Wondrous Love comes from a hymnal called Southern Harmony (1835). Nowadays there are groups that get together and have old-fashioned, shape-note hymn sings. They gather around a room (usually in a barn or similar structure), segmented into parts (Soprano, Alto, Tenor, Bass), and sing hymns together, a cappella, and in perfect harmony. If you’ve never had the pleasure of hearing such a sound, I encourage you to YouTube it, and to see and hear how marvelous it is. It’s not the most elegant thing your ears will ever hear, but it’s rustic, organic, and full of gusto!

What I hear in shape-note singing is a can-do attitude, and a purified sense of unashamed praise and thanksgiving. Although life in the 18th century may have been arguably more difficult, the people were working with simple tools, not many resources, and no education; but they were working towards a singular purpose –  to make this country better. Why else would they want to learn to sing in harmony together if not to make the world a better, more cooperative place? Little did they know that what they dreamed about, making the land of the free stronger and better, would be something that we would benefit from. In other words, we are the inheritors of the pioneering, adventuresome spirit that paved the way for a better future, which is now our current reality. The question is, what dreams are we having, for the benefit of those who will come after we’re gone?

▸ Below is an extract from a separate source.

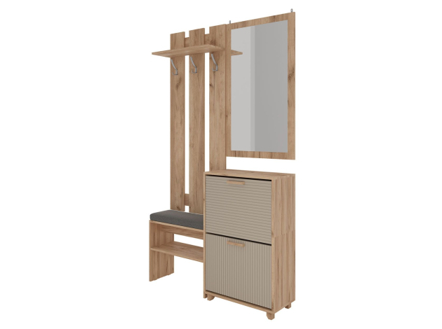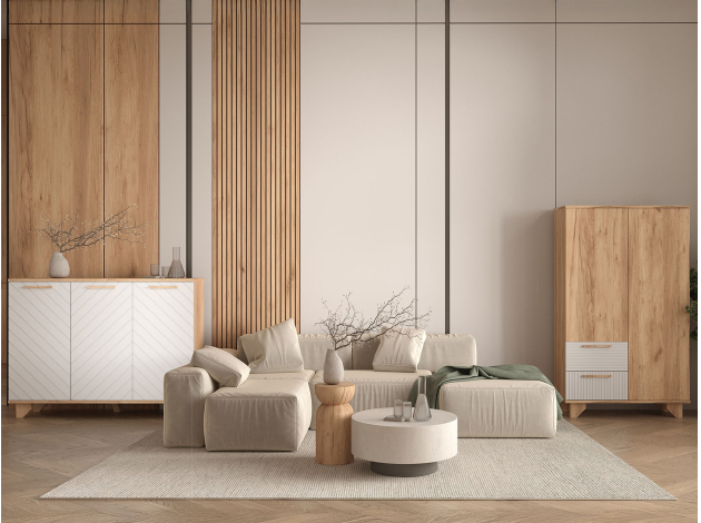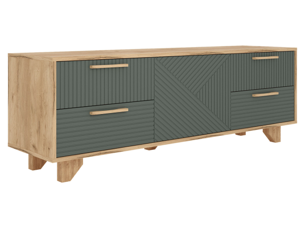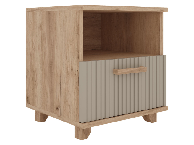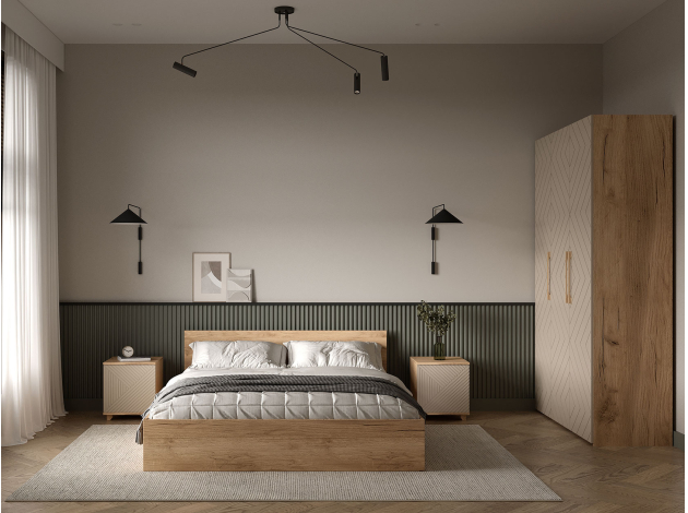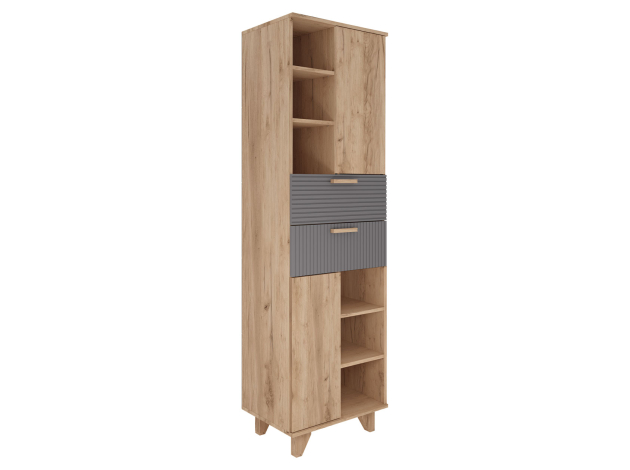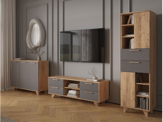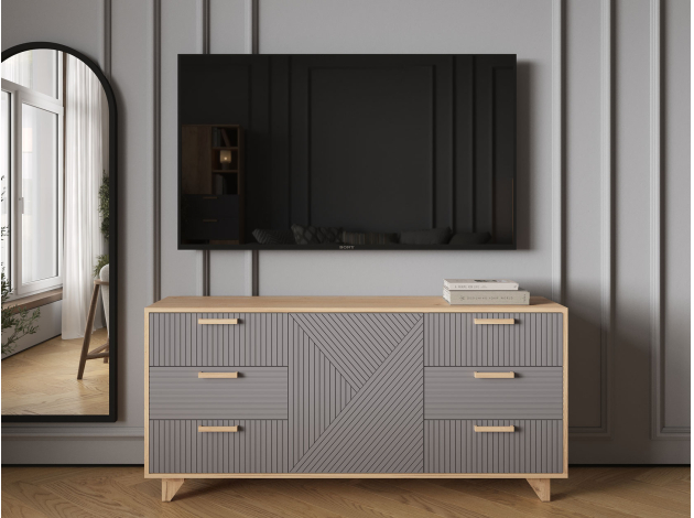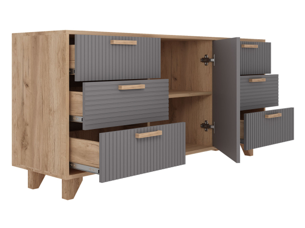 Комод Ньерд позволяет удобно хранить различные предметы: одежду, белье, аксессуары и важные мелочи. Выдвижные ящики обеспечивают быстрый доступ к содержимому. Древесная текстура, фасады с необычной фрезеровкой и акцентные ножки создают атмосферу уюта и тепла.

When we know that our lives are greater than just ourselves, we pave the way for those who come after, to have it better off than we do. Our job is to be adventuresome, productive, and to create things that leave the world better off than when we found it. That’s what the pioneers did for us, and they sang songs of thanks, even if times seemed apocalyptic. Don’t fall into the trap of thinking that when your time is up, you will have made it out, just in time – that you will have dodged doomsday. Your destiny isn’t to escape before the world implodes, your job is to contribute, to do wonderful things with your gifts, before you implode. The world has plenty of room for your pioneering contribution, so don’t keep it a secret, and don’t wait to give of your time, talent, and treasure. You cannot take those things with you to the grave. The early Americans gave all they had, and they understood the importance of sacrifice and gratitude. It’s the least we can do to return the favor, and to make the world safer, better, and more abundant for those who will remember us, once from death we are free. I hope this anthem invigorates your pioneering spirit to give, to create, and to make the world better. Soli deo Gloria!